Ehwerhemuepha Louis, Danioko Sidy, Verma Shiva, Marano Rachel, Feaster William, Taraman Sharief, Moreno Tatiana, Zheng Jianwei, Yaghmaei Ehsan, Chang Anthony
Children's Hospital of Orange County, Orange, CA, 92868, United States.
Schmid College of Science, Chapman University, Orange, CA, 92866, United States.
Intell Based Med. 2021;5:100030. doi: 10.1016/j.ibmed.2021.100030. Epub 2021 Mar 17.
Cardiovascular and other circulatory system diseases have been implicated in the severity of COVID-19 in adults. This study provides a super learner ensemble of models for predicting COVID-19 severity among these patients.

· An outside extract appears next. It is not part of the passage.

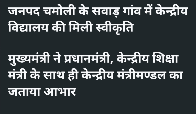मुख्यमंत्री ने कहा कि जनपद चमोली के प्रसिद्ध सवाड़ गांव में क्षेत्रीय जनता की मांग पर केन्द्रीय विद्यालय की स्थापना के लिये उनके द्वारा निरन्तर अनुरोध किया जा रहा था। उन्होंने कहा कि जनपद चमोली के सीमांत क्षेत्र में केन्द्रीय विद्यालय की स्थापना से इस क्षेत्र के छात्र-छात्राओं को बेहतर गुणात्मक शिक्षा उपलब्ध हो पायेगी तथा क्षेत्र को नई पहचान भी मिल सकेगी।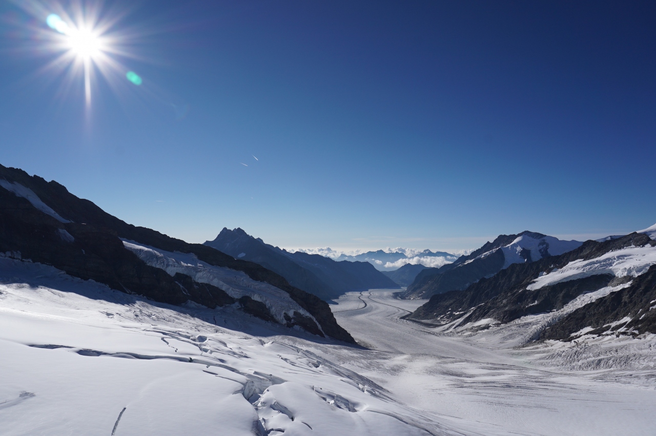 インターラーケン オスト駅からオーバーラント鉄道、ヴェンゲルンアルプ鉄道、ユングフラウ鉄道と乗り継げば、「ユングフラウヨッホ駅」に到着します。「スフィンクス展望台」からは目の前に「メンヒ」や「アレッチ氷河」がドーンと見えます。

The COVID-19 Dataset of the Cerner Real-World Data was used for this study. Data on adult patients (18 years or older) with cardiovascular diseases between 2017 and 2019 were retrieved and a total of 13 of these conditions were identified. Among these patients, 33,042 admitted with positive diagnoses for COVID-19 between March 2020 and June 2020 (from 59 hospitals) were identified and selected for this study. A total of 14 statistical and machine learning models were developed and combined into a more powerful super learning model for predicting COVID-19 severity on admission to the hospital.
LASSO regression, a full extreme gradient boosting model with tree depth of 2, and a full logistic regression model were the most predictive with cross-validated AUROCs of 0.7964, 0.7961, and 0.7958 respectively. The resulting super learner ensemble model had a cross validated AUROC of 0.8006 (range: 0.7814, 0.8163). The unbiased AUROC of the super learner model on an independent test set was 0.8057 (95% CI: 0.7954, 0.8159).
Highly predictive models can be built to predict COVID-19 severity of patients with cardiovascular and other circulatory conditions. Super learning ensembles will improve individual and classical ensemble models significantly.
心血管及其他循环系统疾病与成人 COVID-19 的严重程度有关。本研究提供了一组超级学习模型,用于预测这些患者中 COVID-19 的严重程度。
本研究使用了 Cerner 真实世界数据中的 COVID-19 数据集。检索了 2017 年至 2019 年患有心血管疾病的成年患者(18 岁及以上)的数据,共确定了 13 种此类病症。在这些患者中,确定并选择了 2020 年 3 月至 2020 年 6 月期间因 COVID-19 阳性诊断入院的 33042 名患者(来自 59 家医院)进行本研究。共开发了 14 种统计和机器学习模型,并将其组合成一个更强大的超级学习模型,用于预测患者入院时 COVID-19 的严重程度。
套索回归、树深度为 2 的完整极端梯度提升模型和完整逻辑回归模型的预测能力最强,交叉验证的曲线下面积(AUROC)分别为 0.7964、0.7961 和 0.7958。所得的超级学习集成模型的交叉验证 AUROC 为 0.8006(范围:0.7814,0.8163)。超级学习模型在独立测试集上的无偏 AUROC 为 0.8057(95%置信区间:0.7954,0.8159)。
可以构建高度预测性的模型来预测患有心血管和其他循环系统疾病患者的 COVID-19 严重程度。超级学习集成将显著改进个体模型和经典集成模型。